La Croce Rossa forniva quotidianamente tra i settecento e i mille pasti. Donne e bambini erano stati portati a Cazin, perché di notte Borici era diventato un luogo troppo pericoloso». Gli spazi della Bira lasciano intravvedere condizioni di vita meno tragiche «Era in corso il montaggio di tendoni riscaldati che successivamente sarebbero stati divisi per settori, mentre funzionavano già dei bagni e delle docce interni, comunque in numero non sufficiente, ai quali si sarebbe aggiunta una lavanderia. Mentre eravamo lì, due ragazzi stavano montando una sedia e una panchetta su cui avevano disposto la loro attrezzatura da barbiere: forbici, pettine e rasoio. Molto orgogliosi, hanno chiesto a Enrico di fotografare il ‘negozio’». Ascoltando i vostri racconti, affiora una domanda: oggi, ciò che si fa a Velika Kladuša e Bihać è soccorrere migliaia di esseri umani.

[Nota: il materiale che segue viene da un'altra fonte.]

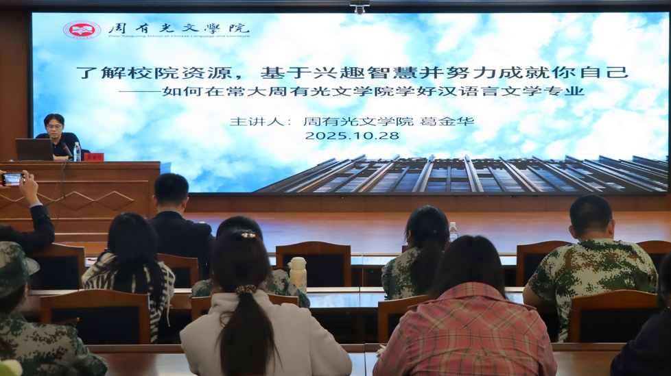 葛金华为全体2025级新生带来了一场内容丰富、意蕴深远的院史院情专题教育讲座。他以“了解校院资源,基于兴趣智慧并努力成就你自己——如何在常大成人直播 学好汉语言文学专业”为题,详细介绍了专业所属大类、学科体系、课程内容等,并就成人直播 汉语言文学专业的起源、学院发展历程、师资队伍、学科特色及发展规划进行了介绍。通过详实的史料与生动的故事,他将学院的“过去、现在与未来”详细阐述,使新生们对学院有了更为全面深入的了解,增强了新生作为学院一员的获得感与使命感。他还为新生们推荐了《史记》《数字交往论》《理解媒介》等多本书籍,鼓励同学们多读书、多思考、多写作,学会生产性学习、创作,努力成为一名“特别能写、能生产内容;特别能策划、能组织;特别有思想、有文化”的复合型人才。(通讯员/张燕红 审核/嵇炜)
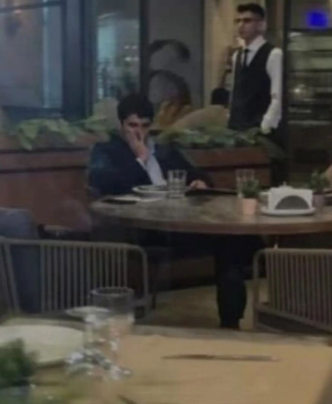 На всички снимки на масата, докато чакат, изглежда все едно му е супер скучно.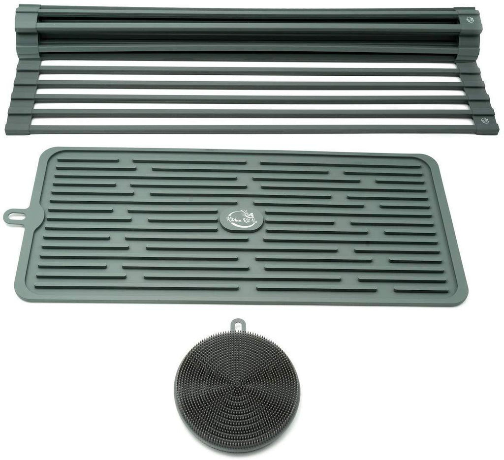 Miligore Multi Purpose Silicone Roll-Up Dish Drying Rack, Mat & Sponge Gift Set. Great for Multiple uses, Such as Washing Your Fruit & Vegetables for drip Drying. Easily drip Dry Dishes etc.

Esiste la possibilità di un progetto che riesca ad andare oltre? William Bonapace «Me lo sono chiesto, non ho una risposta. Cos’altro possono fare NoNameKitchen, il pizzaiolo Asim Latić Latan, la stessa Medici Senza Frontiere? Non si riesce ad andare oltre perché si rimane incastrati in un meccanismo politico di cui ciascun volontario diventa suo malgrado complice con il proprio lavoro». Forse, da queste parti, andare oltre significa una cosa soltanto: accettare la sfida, giocare la scommessa di The Game.

LA MOSTRA

Una ventina di fotografie dal reportage di Enrico Carpegna diventeranno oggetto di una mostra, Balcanica, di prossima programmazione. Le immagini non verranno proposte nella versione a colori e su carta, bensì in quella realizzata con una fotocamera a infrarossi e stampata su tela. Spiega Carpegna «La fotocamera a infrarossi si usa normalmente per visioni al buio. La ritenevo quindi particolarmente adatta per sottolineare la condizione di questi uomini braccati, isolati al punto da riuscire a renderli invisibili al resto dell’umanità. Uomini che gli infrarossi trasformano in spettri, con tutti i significati che ne derivano: gli spettri delle nostre paure, lo spettro delle diversità, gli spettri balcanici e, nel senso più ampio del termine, lo spettro in quanto scelta di possibilità». Informazioni e anteprima di alcune immagini su enricocarpegna.com (lds)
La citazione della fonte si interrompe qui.